I love gizmos as much as the next guy, but when it comes to climate change, their impact will be more incremental than revolutionary. More gizmos won't get us there. We should be replacing existing coal plants with nuclear as well as building reasonable amounts of wind and solar to reduce natural gas fuel bills when the sun shines and the wind blows.

From Jesse Jenkins in the interview:

Sunday, January 1, 2017

CleanTechnica—Does Solar and Wind Really Crush Coal and Nuclear, Promote National Energy Freedom (aka Energy Independence), Improve the Economy?



Although solar and wind will be a major part of future low carbon energy grids, they have their limits. If that were not true, why would we bother with both when we could just pick one or the other? Future low carbon energy grids will be a mix of nuclear, wind, solar, hydro, biomass, etc, with just enough natural gas to stitch the various sources together.

Zachary Shahan begins his article with screenshots of the Lazards 10.0 LCOE study with two vertical lines drawn on it in an attempt to demonstrate that wind and solar are typically cheaper than new coal, natural gas, or nuclear power plants.”

If by typical, he means cheaper regardless of where in the country they might be installed, he’s wrong.

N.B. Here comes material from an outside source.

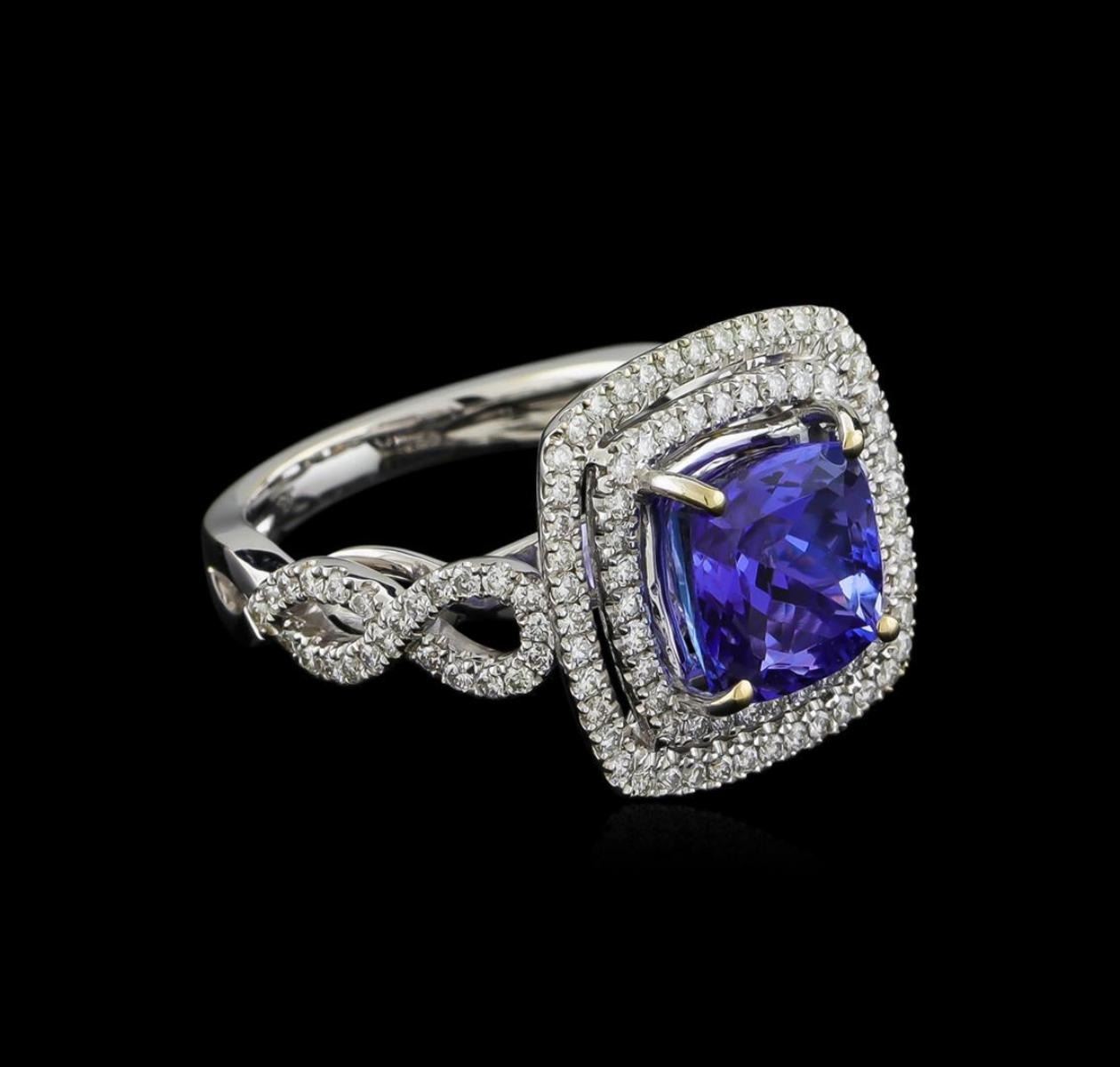 One electronically tested 18KT white gold ladies combination cast & assembled ring with a bright polish finish. Identified with markings of "750". Condition is new. Containing: One prong set square cushion modified brilliant cut natural tanzanite, measuring 8.71 x 8.62 x 5.64mm, approximate weight of 3.33ct., clarity is eye clean, type I, medium light, moderately strong, violet color, (GIA V 4/4), cut is good. One Hundred Twenty-Six prong set round brilliant cut diamonds, measuring 1.10 - 1.10 x 0.66mm (depth est.) approximate total weight of 126 Stones = 0.61ct. Clarity: SI-1 to I-1. Color: H - I, Cut is Good. Colored gemstones are presumed to have been subjected to commonly used enhancement processes. All diamonds and colored gemstones are graded in the mounting, unless otherwise stated. Total Weight of Colored Stones 3.33ct. Total Weight of Diamonds 0.61ct. Total Weight of Ring 8.70 grams. GGL Appraised.

If he meant cheaper only in the sunniest and windiest of places, then obviously, they will not always be cheaper than other energy sources. And even if they were the cheapest regardless of where they are installed, a grid using them would still require several other types of energy sources, more expensive or not, to provide the lowest overall cost to consumers. Be it the mother board in your computer or an electrical grid, some components will cost more than others to provide the lowest overall cost of the final product.

I created Figure 1 below to explain why he is wrong. Hydro, wind, and solar are natural resources and they are not equally plentiful everywhere. Lazards states that the solar prices are only for areas of high solar insolence (the Southwest) and in the case of wind, only where it blows hard enough to use 35% to 50% of rated capactiy (windy places) and that the prices don’t include things like extra transmission lines. Read the disclaimer at the top of Figure 1.

Figure 1: Explanation of the limits of the Lazards LCOE chart.


The author presents (largely incorrect) messages for anyone wanting a better US economy …anyone wanting national energy freedom (aka energy independence), anyone wanting to advance the most cost-effective choices for electricity generation, and anyone wanting to make logical energy decisions ...[to] share with others.”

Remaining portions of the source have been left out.